A resposta é nada filosófica, mas pragmática: aposentada, mas trabalhando.

Panorama a respeito das mudanças
Aposentado que ainda trabalha contribui para a Previdência? Essa é uma das perguntas que a maioria tem receio de ouvir a resposta.
– Sim, todas as pessoas que trabalham são obrigadas a contribuir, mesmo que sejam aposentadas – afirma Anderson de Tomasi Ribeiro, advogado previdenciário.
No entanto, complementa Ribeiro, esse valor a mais investido na Previdência por pessoas que se aposentaram e seguem trabalhando com carteira assinada não pode ser utilizado para aumentar o rendimento. Esse recurso, chamado de “desaposentação”, foi barrado pelo Supremo Tribunal Federal (STF).
– A nossa seguridade social observa o modelo de repartição simples, de caráter obrigatório e contributivo, baseado no princípio da solidariedade. Ou seja, todos contribuem para as próximas gerações. Há algum tempo, tentamos entrar com o processo de desaposentação, para que, quanto mais tempo de contribuição houvesse, mais a pessoa pudesse ganhar. Mas não pode. O aposentado não pode usar isso como revisão da aposentadoria – explica.

Mas afinal de contas, o que vai mudar com as novas regras da aposentadoria no Brasil? Ribeiro divide a resposta em duas partes. Primeiro, com relação às pessoas que estão para se aposentar, seja por idade ou por tempo de contribuição. Quem estiver a até dois anos de se aposentar, quando da promulgação da PEC, deverá pagar uma espécie de pedágio.
– Por exemplo, terão de pagar um pedágio de 50% sobre o tempo de contribuição que falta, pelas regras atuais, para poder se aposentar. Ou seja, se faltar um ano para se aposentar, após a reforma será preciso trabalhar por mais seis meses para requerer o benefício – explica.
Um outro caso, mais particular, se refere às aposentadorias especiais. No caso, de enfermeiros, médicos, metalúrgicos ou eletricistas, entro outros, exemplifica Ribeiro. Ou seja, trabalhadores que comprovam pelo menos 25 anos de atividade em contato habitual e permanente com agentes perigosos ou que fazem mal a saúde.
– Na nossa região, há várias pessoas nessas situações.
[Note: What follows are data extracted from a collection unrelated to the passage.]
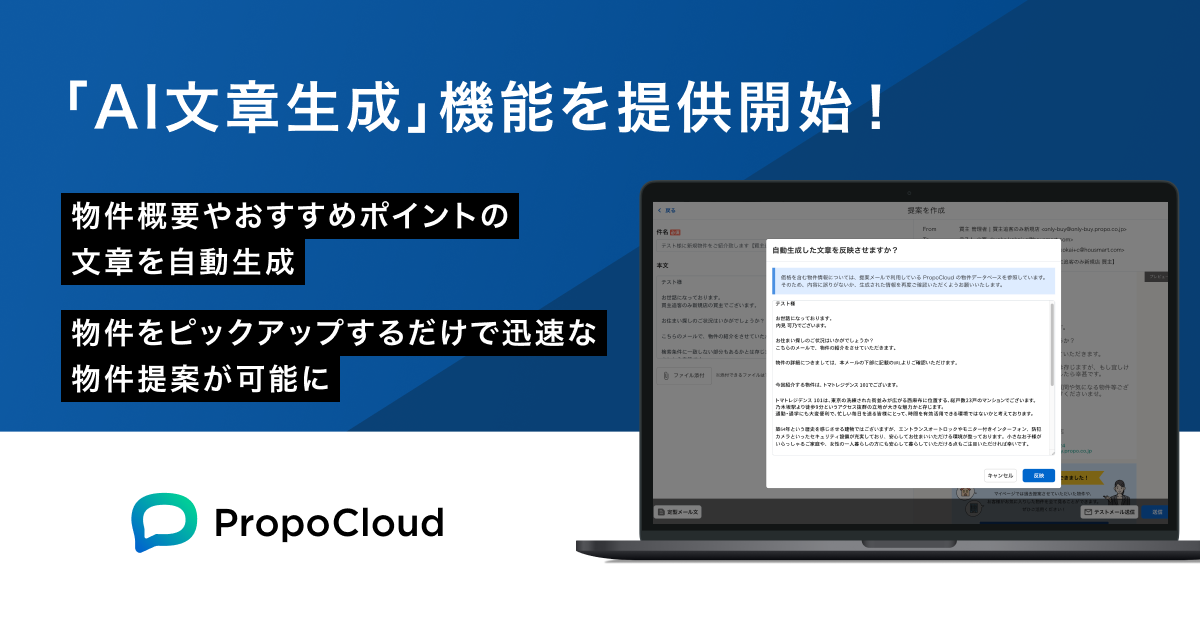 テクノロジーで不動産取引をなめらかにするイタンジ株式会社のグループ会社である、株式会社Housmart(以下「ハウスマート」)は、2025年5月13日より、不動産売買仲介会社(以下「仲介会社」)向け追客支援システム「PropoCloud(プロポクラウド)追客支援」に物件購入希望者(以下「買主」)へのメールの文章を自動作成する「AI文章生成」機能(以下「本機能」)を追加いたします。これにより「プロポクラウド 追客支援」を利用する仲介会社は、提案したい物件を選択するだけで、物件概要やおすすめポイントをわかりやすく説明する文章が自動で生成され、迅速な物件提案メールの作成が可能になります。
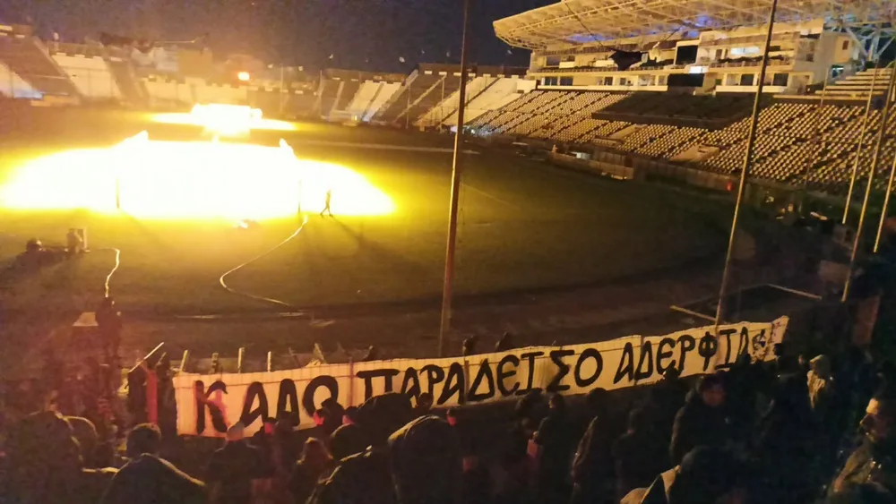 Οι φίλοι των ασπρόμαυρων κρέμασαν πανό που ανέγραφε «Καλό Παράδεισο Αδέλφια» με το οποίο αποχαιρετούν τα αδικοχαμένα αετόπουλα που ξεκίνησαν το ταξίδι τους προς τη νοτιοανατολική Γαλλία και τη Λιόν, για τον ευρωπαϊκό αγώνα της αγαπημένης τους ομάδας, αλλά δεν κατάφεραν να το ολοκληρώσουν.
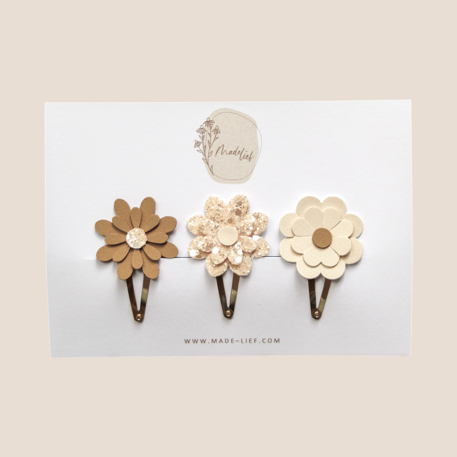 Musthave! Deze prachtige bloemen sets. Elke bloem is super leuk te combineren maar ook los van elkaar zijn ze leuk om te dragen. Het leukste van deze bloemen is dat ze op elke maat clip bevestigd kunnen worden. Geef dus vooral je voorkeur voor een 3, 4 of 5 cm clip of een alligator speldje aan. Daarnaast kun je ook de kleur van de gewenste klikklak aangeven in het keuzemenu. Geef je niks aan dan worden de bloemen bevestigd op een gouden clip. De doorsnee van de bloem is 35 mm.
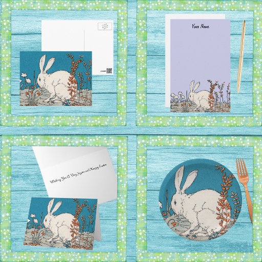 Spring and Easter White Rabbit Sitting in FlowersOntworpen door Margie R
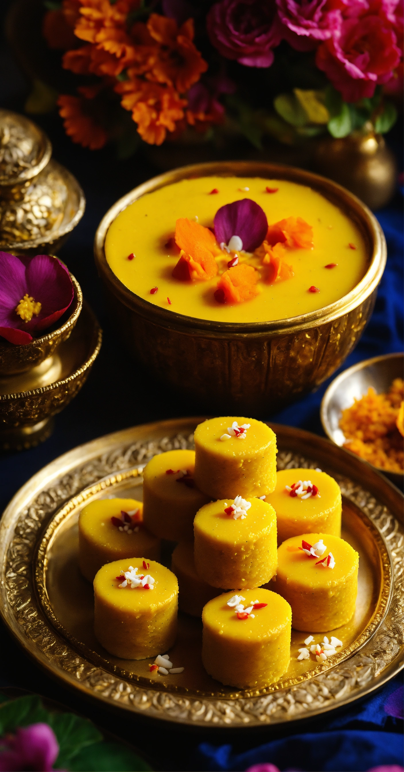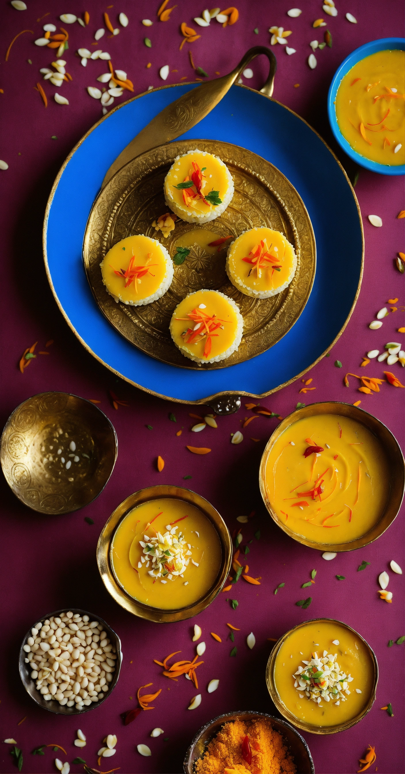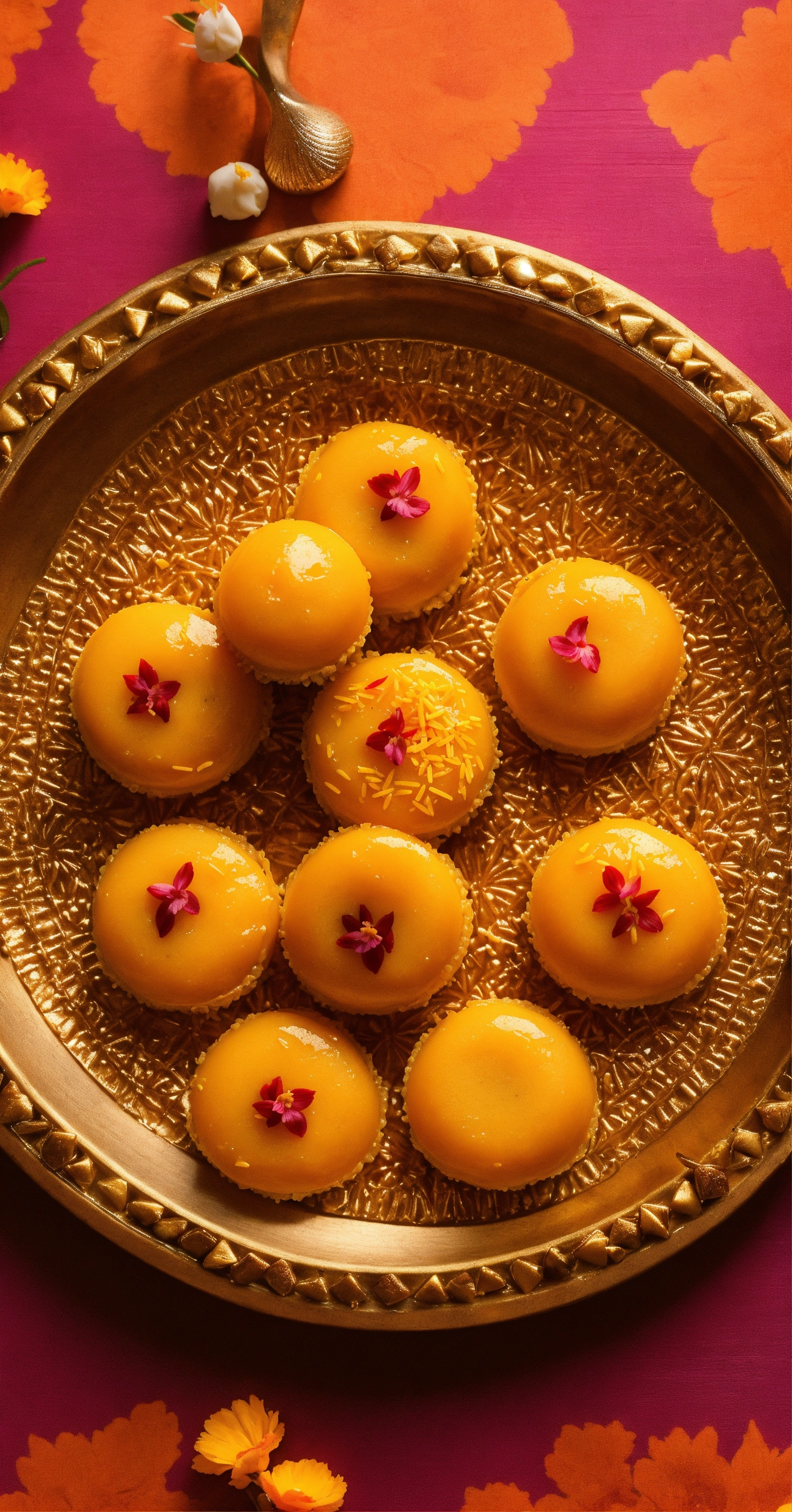 Create an instagram-worthy display of kesar sweets 1, use a rustic wooden or pastel backdrop, 2, arrange sweets on a decorative tray with golden accents, 3, highlight "kesar malai chaup" in the center with saffron strands, 4, add symmetry with more "kesar malai chaup" around, 5, give variety and height with "kesar malai rolls, " 6, place "kesar rasgulla" at the base for balance, 7, sprinkle saffron strands and have a saffron bowl, 8, ensure good lighting and capture from a slight overhead angle, 9, use warm colors in the background or props for a harmonious feel, this setup will make your kesar sweets instagram-ready and visually appealing

Porque muitos metalúrgicos, por exemplo, têm se aposentado, mas permanecem na mesma função. Se isso pode ou não, o STF vai decidir. Esse processo está no Supremo e saiu de pauta duas vezes já este ano. Não sabemos qual vai ser a posição do STF. Pode ser que venham a decidir pela ilegalidade da atividade e isso pode trazer sérias consequências para a região – observa.

Ribeiro chama a atenção para um outro detalhe importante. Uma das justificativas da reforma da Previdência é ajustar as contas e buscar um equilíbrio futuro. No entanto, a proposta de orçamento de 2020 contempla uma estimativa de déficit do Instituto Nacional do Seguro Social (INSS) de R$ 244,2 bilhões. Segundo o governo, a previsão para o ano que vem é de que as receitas do INSS somem R$ 438,489 bilhões e as despesas, R$ 682,689 bilhões. E para os anos seguintes esse déficit pode ser ainda maior. A explicação de Ribeiro é simples.
– O cálculo da reforma vai baixar os valores das aposentadorias. Então, as pessoas vão ganhar menos. Como o tempo mínimo de contribuição para a aposentadoria será, de modo geral, 15 anos (para mulheres) e 20 anos (para homens), assim que as pessoas alcançarem essa marca vão deixar de contribuir. O funcionário de uma empresa não poderá deixar de contribuir, mas quem é autônomo, pode ser que entenda que não terá vantagem se contribuir por mais anos do que o mínimo. Pode ser que isso ocorra, porque essa pessoa não vê perspectiva a curto prazo – sintetiza Ribeiro, que é advogado especialista em direito previdenciário.